In the US, "All for You" made radio airplay history, as it was added to every pop, rhythmic and urban radio station on its first week of release. Teri VanHorn of MTV dubbed Jackson "Queen of Radio" for this feat, writing that "no other song has conquered all reporting stations in its first week at radio, let alone mastered three formats in one week". The record was later broken by Lady Gaga's "Born This Way" (2011), although Gaga's single was able to achieve the feat with a radio airplay deal to play the song hourly.

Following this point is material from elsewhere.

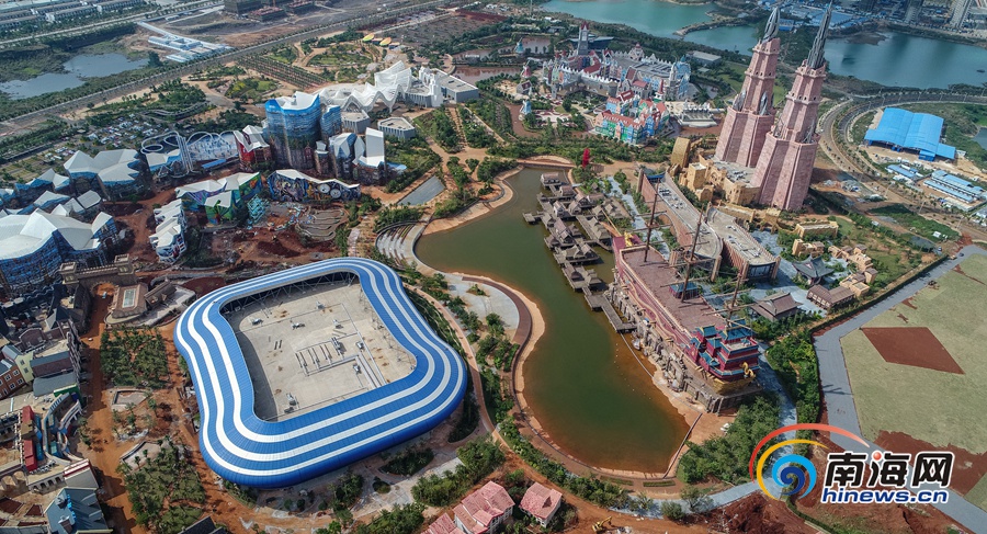 長影海南“環球100”電影主題樂園一期占地面積837畝,目前已經完成90%以上。海報全媒體中心記者袁琛 攝
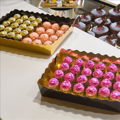 Comment utiliser au mieux des barquettes pâtisserie carton or noir luxe 22x14 en vitrine ?

Its premature release to radio outlets caused the track to debut at number 71 on the Hot R&B/Hip-Hop Singles & Tracks chart after a day and a half of airplay, generating an audience impression of six million. "All for You" debuted on the Billboard Hot 100 singles chart at number 14 on the issue dated March 17, 2001. It became the highest debut ever for a single that was not commercially available, as well as the highest entry on the chart since 1999. The single topped the chart following its commercial release, becoming the first song by a female artist of the decade to advance to number one, as well as Jackson's tenth and last number-one hit to date. The song remained at number-one for seven consecutive weeks, becoming 2001's longest-running chart-topper on the Hot 100. On November 14, 2022, "All for You" was certified platinum by the Recording Industry Association of America (RIAA), denoting 1,000,000 copies sold in the US.

In Canada, "All for You" topped the chart compiled by Nielsen SoundScan for the issue dated April 21, 2001, where it remained for a further week. In Australia, the track debuted at number five on the week dated April 15, 2001, becoming Jackson's highest charting-single on the ARIA Charts since "Together Again" (1997), and spent 12 weeks inside the chart. It was eventually certified platinum by the Australian Recording Industry Association (ARIA) for shipments of over 70,000 copies across the country. On March 25, 2001, the track debuted at number 34 in New Zealand, reaching number two five weeks later, where it remained for a further week. The song became Jackson's best-performing single in the country since "Scream" (with Michael Jackson) and "Whoops Now" / "What'll I Do", which reached number one in 1995. After spending a total of 17 weeks on the chart, "All for You" was certified gold by the Recording Industry Association of New Zealand (now Recorded Music NZ) for sales of over 5,000 copies of the single. In 2021, Recorded Music NZ awarded the song a platinum certification for digital sales and streaming figures exceeding 30,000 units. In South Africa, the single topped the charts and received a platinum certification by the Recording Industry of South Africa, denoting sales of 50,000 copies in the region.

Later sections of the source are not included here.